== PROBLEM DESCRIPTION ==
A faithful transcript of all the lines below, with no pictures, is the goal here.

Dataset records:
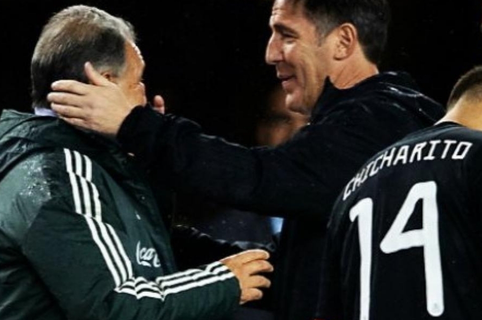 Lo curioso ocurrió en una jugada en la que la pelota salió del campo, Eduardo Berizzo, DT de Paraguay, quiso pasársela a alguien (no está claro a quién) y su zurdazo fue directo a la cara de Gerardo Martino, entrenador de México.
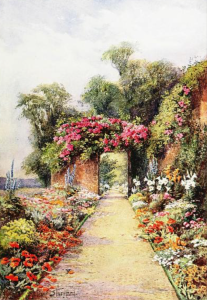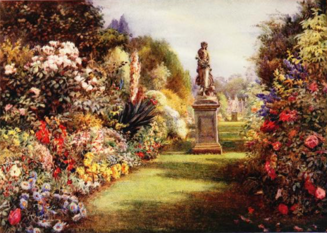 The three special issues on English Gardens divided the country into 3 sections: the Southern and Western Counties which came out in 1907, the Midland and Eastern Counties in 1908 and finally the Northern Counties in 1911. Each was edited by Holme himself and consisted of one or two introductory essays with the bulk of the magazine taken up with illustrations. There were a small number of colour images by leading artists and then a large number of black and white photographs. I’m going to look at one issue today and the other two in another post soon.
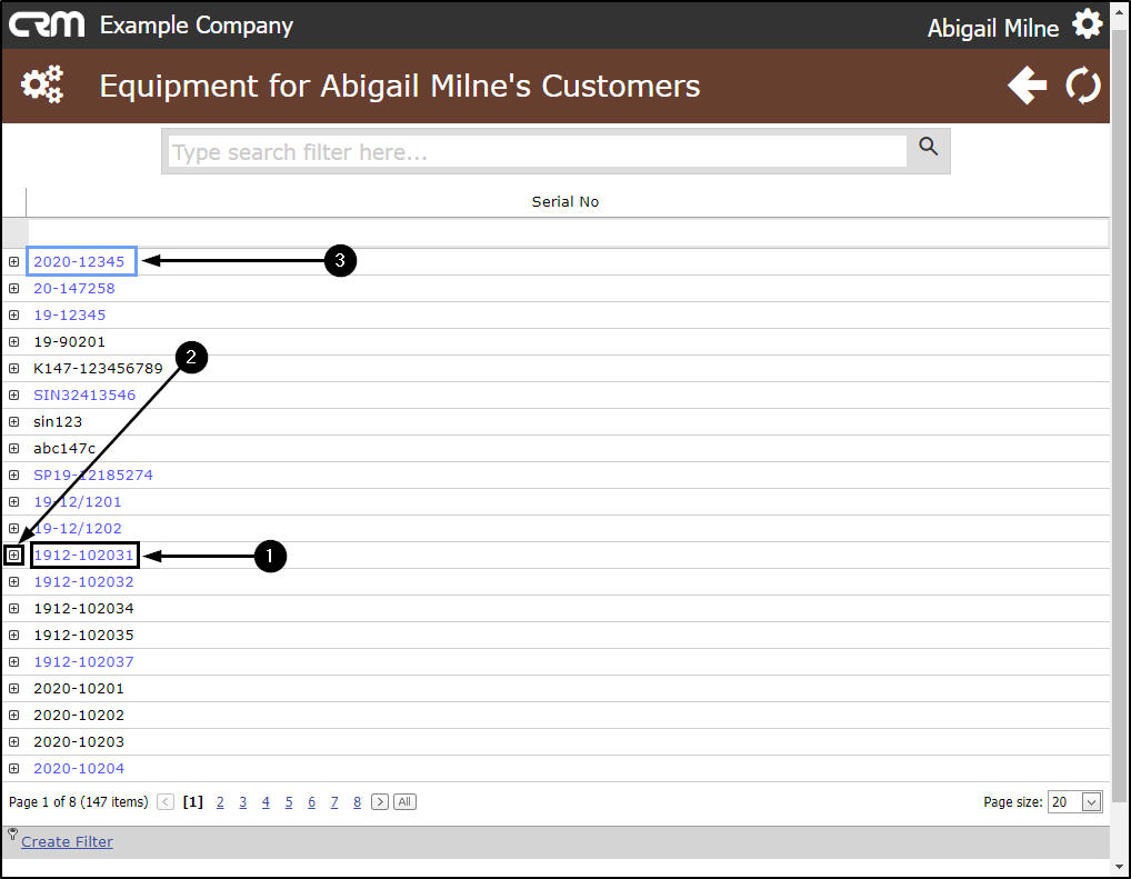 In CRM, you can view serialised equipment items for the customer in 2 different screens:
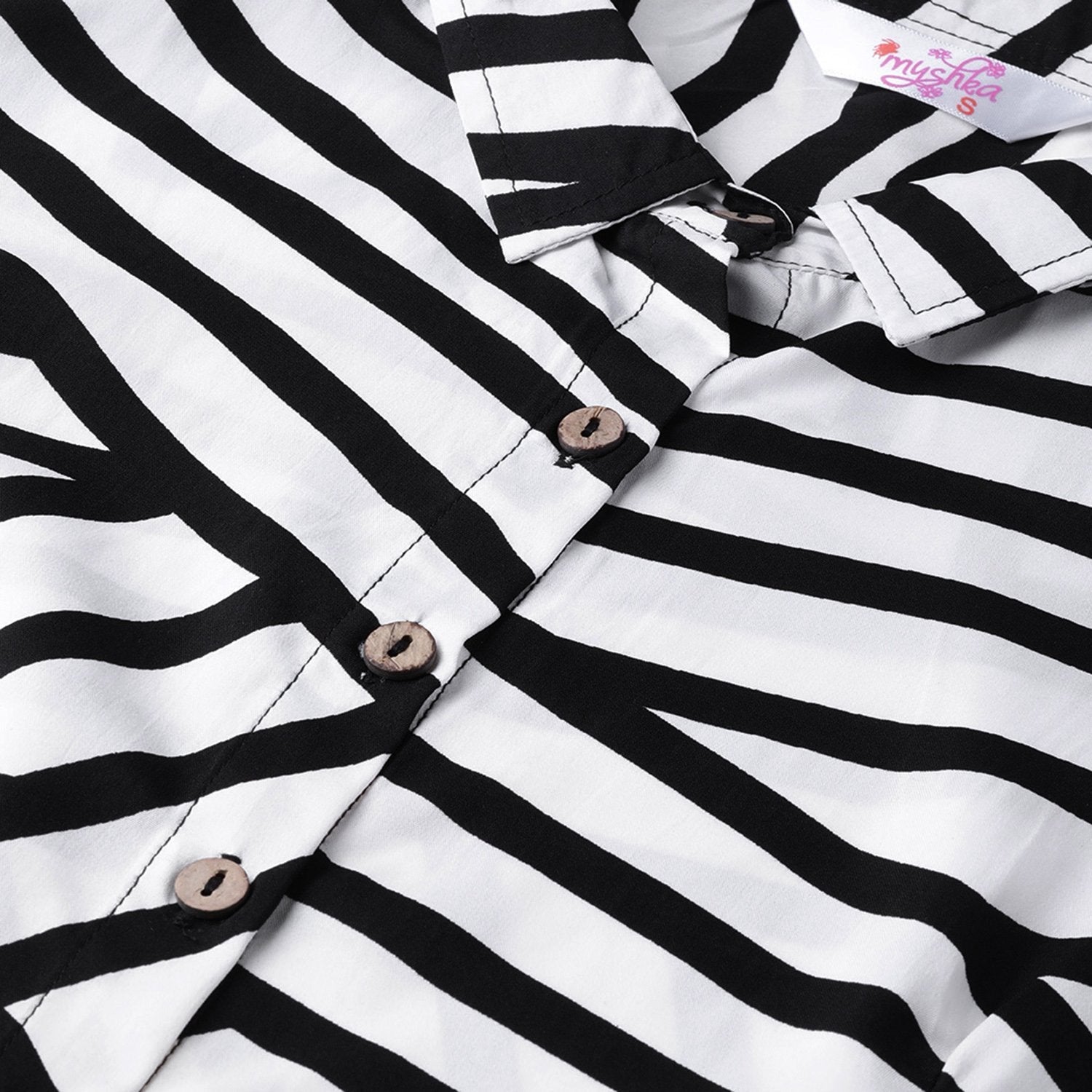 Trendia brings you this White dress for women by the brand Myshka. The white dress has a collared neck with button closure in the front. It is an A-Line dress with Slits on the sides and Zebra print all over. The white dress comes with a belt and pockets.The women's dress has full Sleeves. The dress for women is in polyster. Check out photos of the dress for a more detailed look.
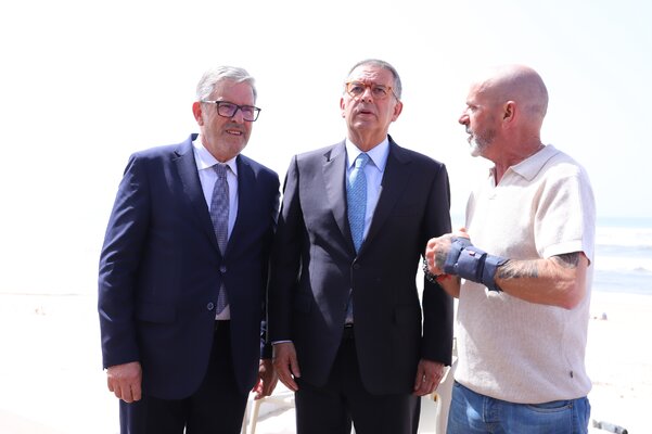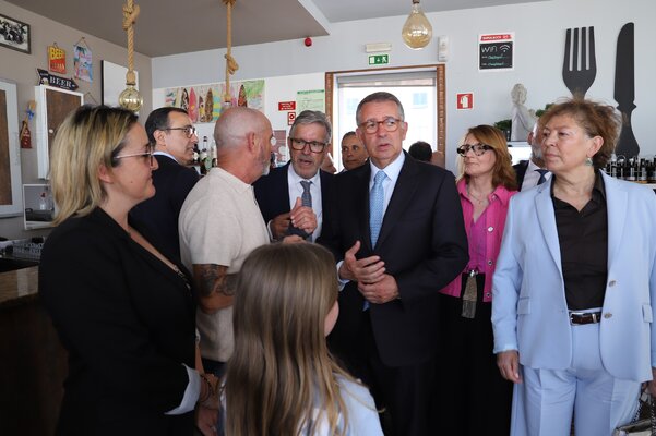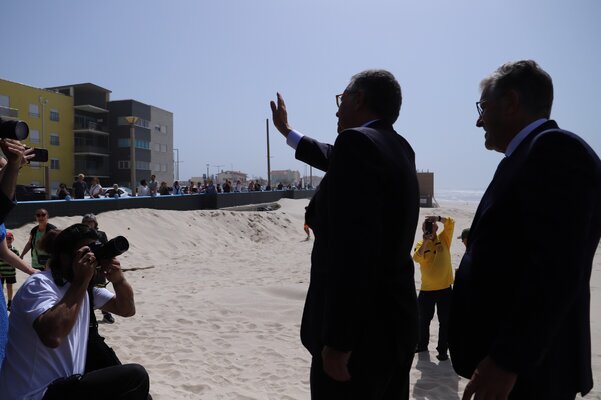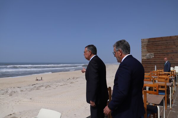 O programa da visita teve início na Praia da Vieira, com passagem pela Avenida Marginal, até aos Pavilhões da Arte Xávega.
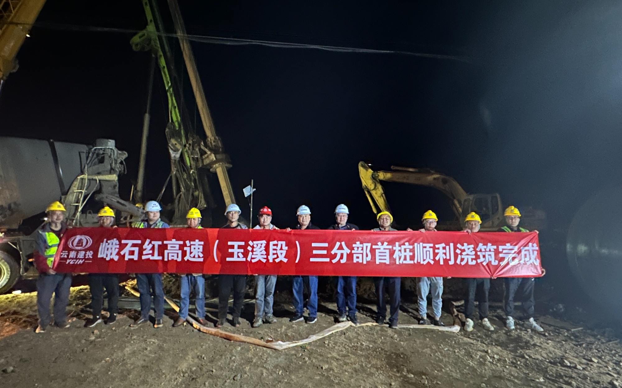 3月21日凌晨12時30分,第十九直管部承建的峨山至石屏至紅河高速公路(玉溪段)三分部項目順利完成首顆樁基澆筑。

== TASK OUTPUT ==
 Lo curioso ocurrió en una jugada en la que la pelota salió del campo, Eduardo Berizzo, DT de Paraguay, quiso pasársela a alguien (no está claro a quién) y su zurdazo fue directo a la cara de Gerardo Martino, entrenador de México.
 The three special issues on English Gardens divided the country into 3 sections: the Southern and Western Counties which came out in 1907, the Midland and Eastern Counties in 1908 and finally the Northern Counties in 1911. Each was edited by Holme himself and consisted of one or two introductory essays with the bulk of the magazine taken up with illustrations. There were a small number of colour images by leading artists and then a large number of black and white photographs. I’m going to look at one issue today and the other two in another post soon.
 In CRM, you can view serialised equipment items for the customer in 2 different screens:
 Trendia brings you this White dress for women by the brand Myshka. The white dress has a collared neck with button closure in the front. It is an A-Line dress with Slits on the sides and Zebra print all over. The white dress comes with a belt and pockets.The women's dress has full Sleeves. The dress for women is in polyster. Check out photos of the dress for a more detailed look.
 O programa da visita teve início na Praia da Vieira, com passagem pela Avenida Marginal, até aos Pavilhões da Arte Xávega.
 3月21日凌晨12時30分,第十九直管部承建的峨山至石屏至紅河高速公路(玉溪段)三分部項目順利完成首顆樁基澆筑。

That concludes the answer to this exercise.